* [Data below]
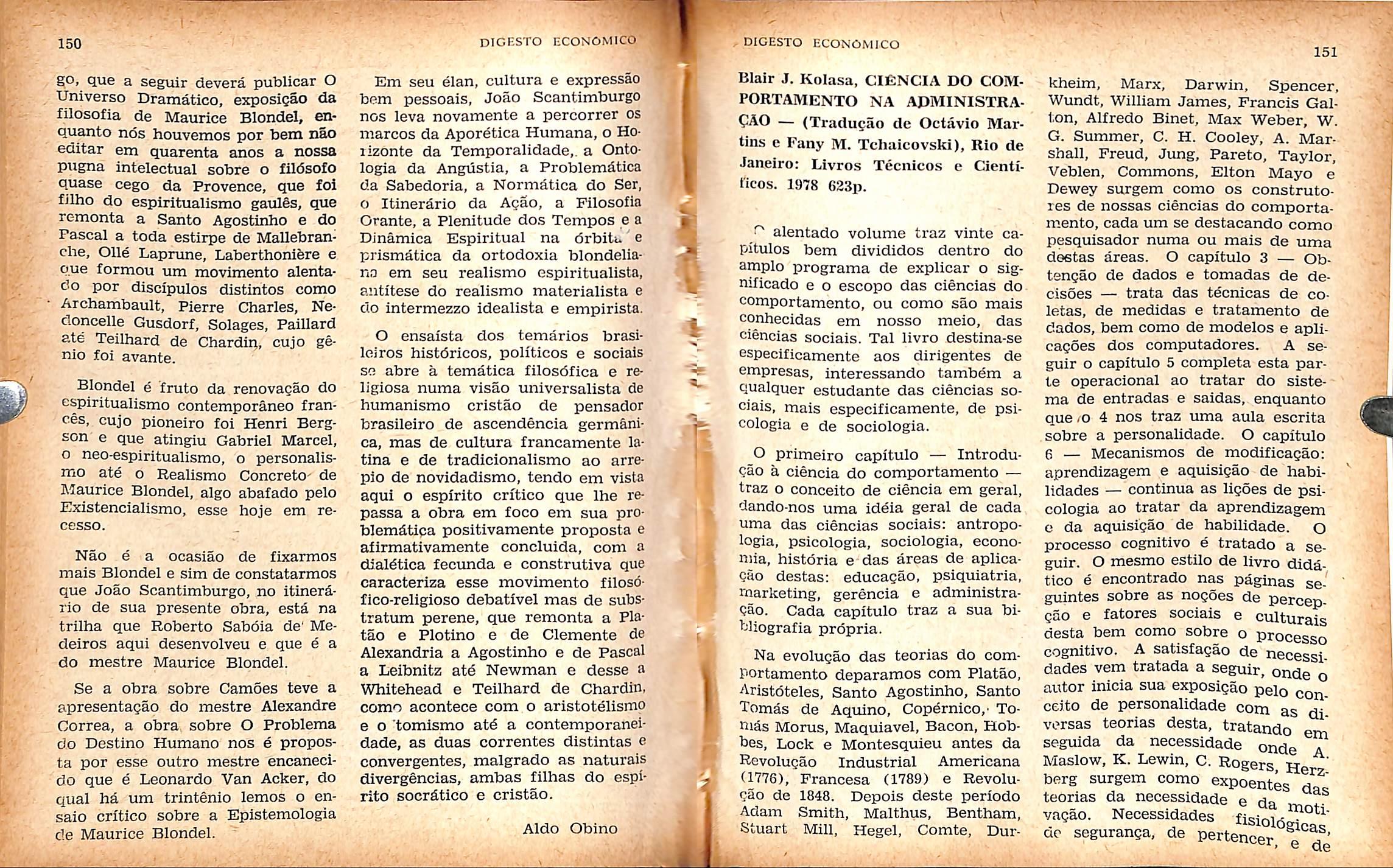 Não é a ocasião de fixarmos mais Blondel e sim de constatarmos que João Scantimburgo, no itinerá rio de sua presente obra, está na trilha que Roberto Sabóia de' Me deiros aqui desenvolveu e que é a do mestre Maurice Blondel.
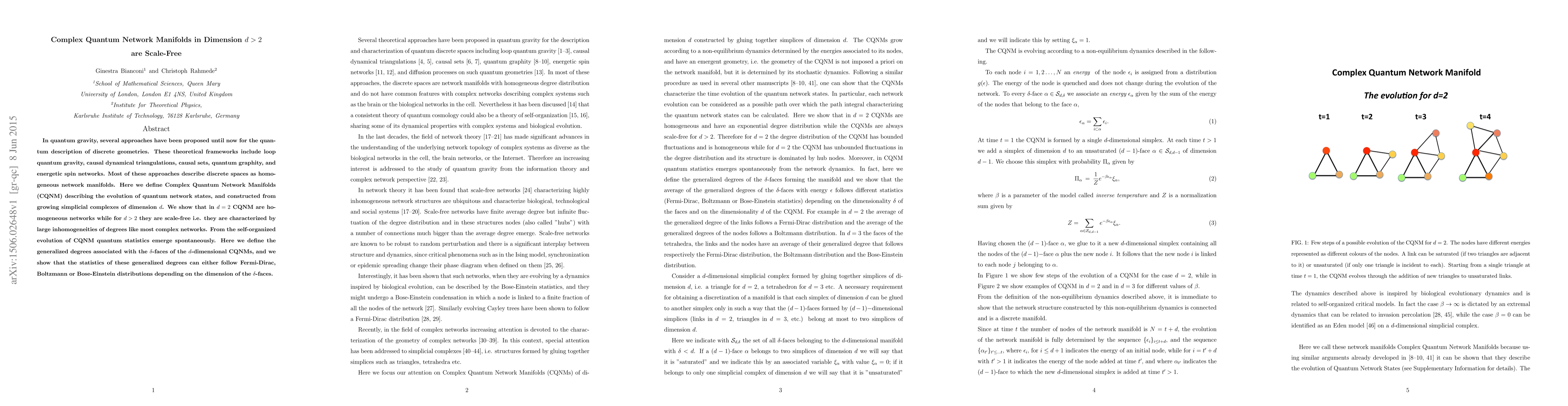 In quantum gravity, several approaches have been proposed until now for the quantum description of discrete geometries. These theoretical frameworks include loop quantum gravity, causal dynamical triangulations, causal sets, quantum graphity, and energetic spin networks. Most of these approaches describe discrete spaces as homogeneous network manifolds. Here we define Complex Quantum Network Manifolds (CQNM) describing the evolution of quantum network states, and constructed from growing simplicial complexes of dimension $d$. We show that in $d=2$ CQNM are homogeneous networks while for $d>2$ they are scale-free i.e. they are characterized by large inhomogeneities of degrees like most complex networks. From the self-organized evolution of CQNM quantum statistics emerge spontaneously. Here we define the generalized degrees associated with the $\delta$-faces of the $d$-dimensional CQNMs, and we show that the statistics of these generalized degrees can either follow Fermi-Dirac, Boltzmann or Bose-Einstein distributions depending on the dimension of the $\delta$-faces.
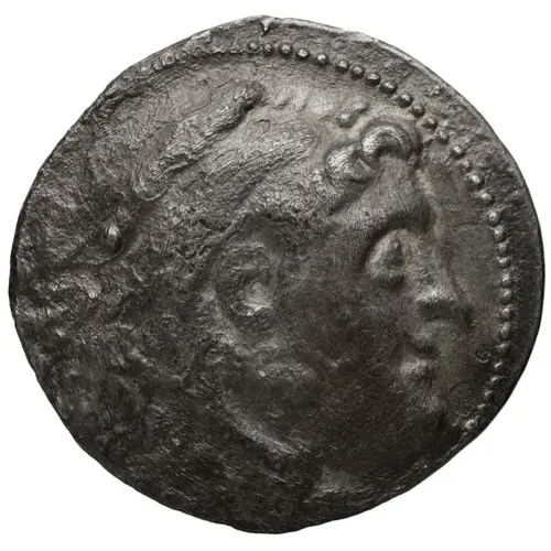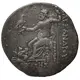Zeus seated on stool-throne left, eagle on outstretched right hand, sceptre in left hand; in left field sphinx seated left on horizontal amphora and in exergue magistrate name. |
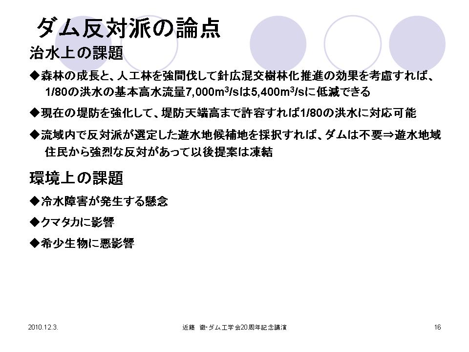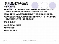 八ツ場ダムで500世帯に動いてもらうのに四十年かかったけど、それでは下流で、水深二、三mで何万人もの人の家が水に浸かってもいいのかという話はそう簡単な話ではありません。そこの難しさをわかって、じゃ一人でも反対したらやめるのか、ダムに頼らざる治水手法は、もっと母数をふやして、話をつける手順に時間がかかります。それは、最後は政治が決断してもらわなくてはいけません。そこまでまた提案もしていかなければならない。それでないと、ダムに頼らない治水の方法というのは、簡単にはあり得ないのです。その話までちょっとしようと思っていましたが、十分に話せる時間がなくなりました。

* [Task brief]
Output the listing above in full and exactly, with pictures excluded.

* [Exercise response]
 Não é a ocasião de fixarmos mais Blondel e sim de constatarmos que João Scantimburgo, no itinerá rio de sua presente obra, está na trilha que Roberto Sabóia de' Me deiros aqui desenvolveu e que é a do mestre Maurice Blondel.
 In quantum gravity, several approaches have been proposed until now for the quantum description of discrete geometries. These theoretical frameworks include loop quantum gravity, causal dynamical triangulations, causal sets, quantum graphity, and energetic spin networks. Most of these approaches describe discrete spaces as homogeneous network manifolds. Here we define Complex Quantum Network Manifolds (CQNM) describing the evolution of quantum network states, and constructed from growing simplicial complexes of dimension $d$. We show that in $d=2$ CQNM are homogeneous networks while for $d>2$ they are scale-free i.e. they are characterized by large inhomogeneities of degrees like most complex networks. From the self-organized evolution of CQNM quantum statistics emerge spontaneously. Here we define the generalized degrees associated with the $\delta$-faces of the $d$-dimensional CQNMs, and we show that the statistics of these generalized degrees can either follow Fermi-Dirac, Boltzmann or Bose-Einstein distributions depending on the dimension of the $\delta$-faces.
Zeus seated on stool-throne left, eagle on outstretched right hand, sceptre in left hand; in left field sphinx seated left on horizontal amphora and in exergue magistrate name. |
 八ツ場ダムで500世帯に動いてもらうのに四十年かかったけど、それでは下流で、水深二、三mで何万人もの人の家が水に浸かってもいいのかという話はそう簡単な話ではありません。そこの難しさをわかって、じゃ一人でも反対したらやめるのか、ダムに頼らざる治水手法は、もっと母数をふやして、話をつける手順に時間がかかります。それは、最後は政治が決断してもらわなくてはいけません。そこまでまた提案もしていかなければならない。それでないと、ダムに頼らない治水の方法というのは、簡単にはあり得ないのです。その話までちょっとしようと思っていましたが、十分に話せる時間がなくなりました。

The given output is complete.